Public health experts estimate one in ten people suffer from some form of addiction. Addiction doesn’t include just the typical substances of alcohol, prescription pills, and illicit drugs. Gambling, sex and pornography addicts suffer terribly as well. With those staggering statistics, it’s highly probable someone in your family may have an addiction problem and is desperate for intervention and support.
To assist, you need to know what addiction is and how to recognize the signs a loved one is reaching out for help.
In order to know the signs a loved one needs help, it’s necessary to understand what addiction is and how it operates. This will allow you, as the family member or loved one, to be clear on the root causes of addiction. It will also help you to better grasp the complete scope of the issue.

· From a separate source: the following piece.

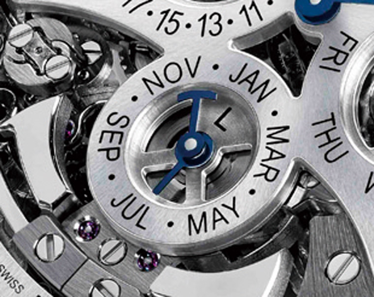 ▲视感最详实的腕表复杂功能 万年历功能不但能辨别大、小月,甚至平、闰年差异也能自动区辨,理论上每百年才需调校一次。

First and foremost, it needs to be understood that addiction is a disease. The Merriam-Webster dictionary defines addiction as “a compulsive need for and use of a habit-forming behavior and/or substance.”
Addiction is a complex disorder. Those who suffer from addiction, and the loved ones around them, may have tremendous difficulty understanding what they’re up against as they try to find a way to overcome the disease of addiction. For many who find themselves stuck in the seemingly never-ending cycle of addiction, the magnitude of what they’re up against can feel overwhelming.
In order to understand the concept of drug addiction as a disease, it’s necessary to know about the disease model of addiction. According to the disease model, addiction is a brain disease that’s characterized by altered brain structure and functioning. These brain abnormalities cause people to become addicted to substances and activities revolving around the use of substances. It considers addiction irreversible once acquired. However, irreversible doesn’t mean uncontrollable.
The concept of addiction being a disease has only been around for a few decades. Before the disease model of addiction evolved, people viewed addiction as a moral or spiritual failing and addicts were seen in a dismal light. As research into addiction progressed in the 1930s, there was a gradual shift in the understanding of addiction as a whole. Once the disease model of addiction was created, those suffering from addiction were viewed in a more humane light, and the overall message that intervention, treatment, and recovery are possible became accepted.
The disease model of addiction is the common framework now used by addiction professionals. This philosophy guides advocacy efforts and treatment programming. There have been huge advances regarding how addiction is managed as a whole.
For example, it’s known that chronic drug and alcohol use alters brain chemistry and functioning. There are many studies showing people who suffer from substance addiction often have neurological and biological differences that were present before addiction occurred. Environmental influences, such as how a person was raised, family history of substance use and other triggers, play additional roles in the onset and course of addiction disease.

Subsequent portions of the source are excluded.